Investigation of the thermal development length in annular upward heated laminar supercritical fluid flows

Supercritical fluids are being used more commonly today in industrial applications, such as heat exchangers and coal fired power plants. Heat transfer to supercritical fluids shows complex behavior because the fluid properties vary sharply with temperature. As a consequence, the development length of the thermal boundary layer is expected to show complex behavior as well. In this paper the development length of the thermal boundary layer in supercritical CO2 and water flowing upward at laminar flow conditions is investigated analytically and numerically. An annulus configuration was selected as this geometry can be typically found in heat exchangers and a new nuclear reactor concept, the supercritical water reactor (SCWR).
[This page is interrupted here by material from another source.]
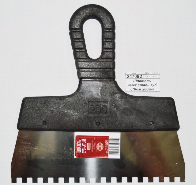 Шпатель нержавеющая сталь зуб 6*6мм 200мм черная ручка 311-2200 *20
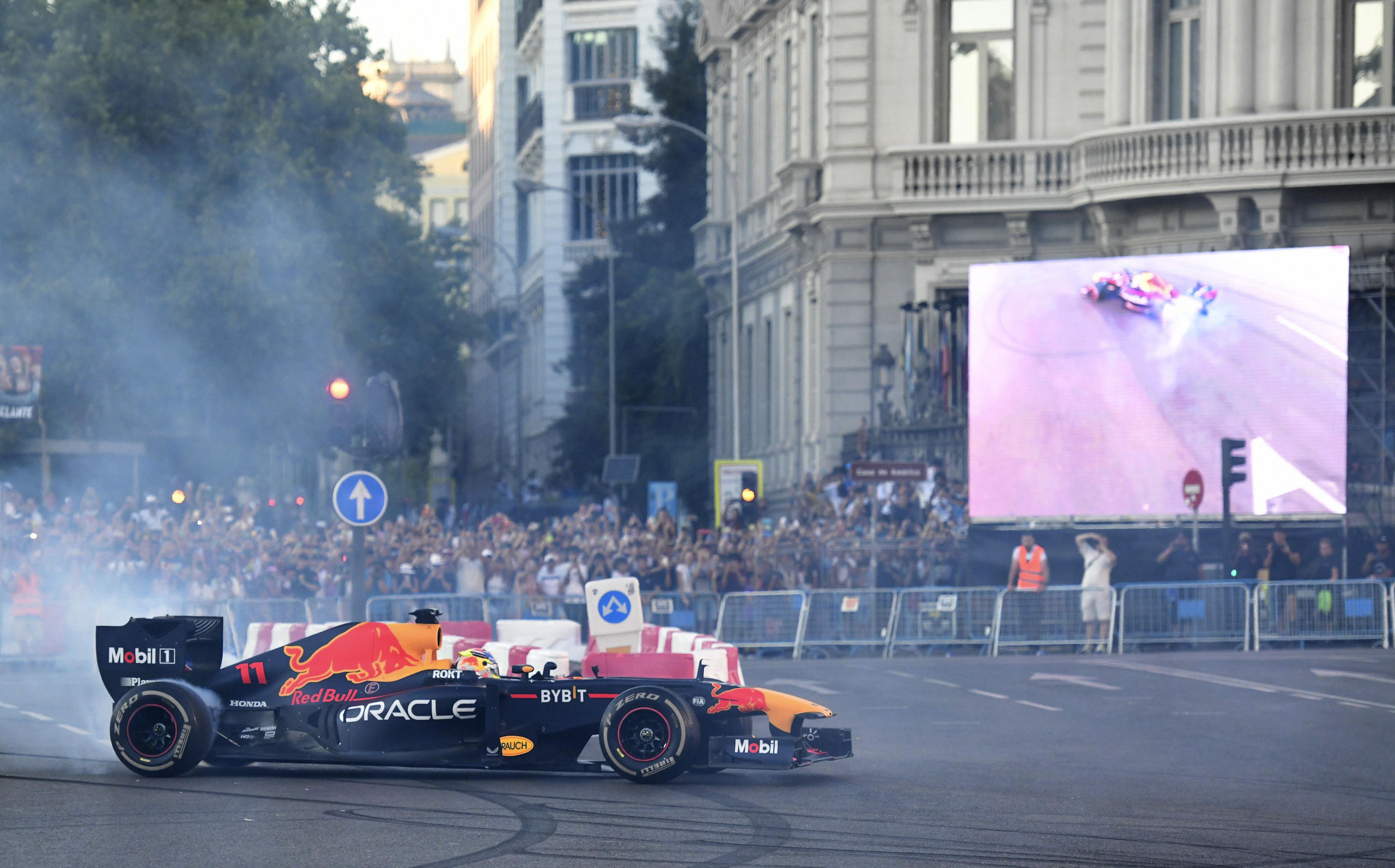 El piloto mexicano Sergio Checo Pérez, del equipo Red Bull Racing, protagonizó este sábado por la noche el evento Red Bull Showrun por la Comunidad de Madrid, una exhibición sobre su bólido de Fórmula 1 y que culminó con un recorrido por calles más emblemáticas de la capital española.

The laminar flow condition has been chosen in order to fully focus on the effect that temperature variations have on the development of the thermal boundary layer and to exclude any influence turbulence models might induce. It is analytically shown that the thermal development length is not only a function of the Peclet number, but also of dimensionless numbers that represent fluid property changes, as well as the inlet temperature. The analytical model also explains how the varying properties affect heat transfer. Analytical insights and numerical results are then combined to show that the thermal development length can be written as a dimensionless ratio of wall heat flux and mass flux for given temperature and pressure. Although mostly CO2 (9.52 MPa) was investigated, it is shown that a similar result can be obtained for water (25 MPa).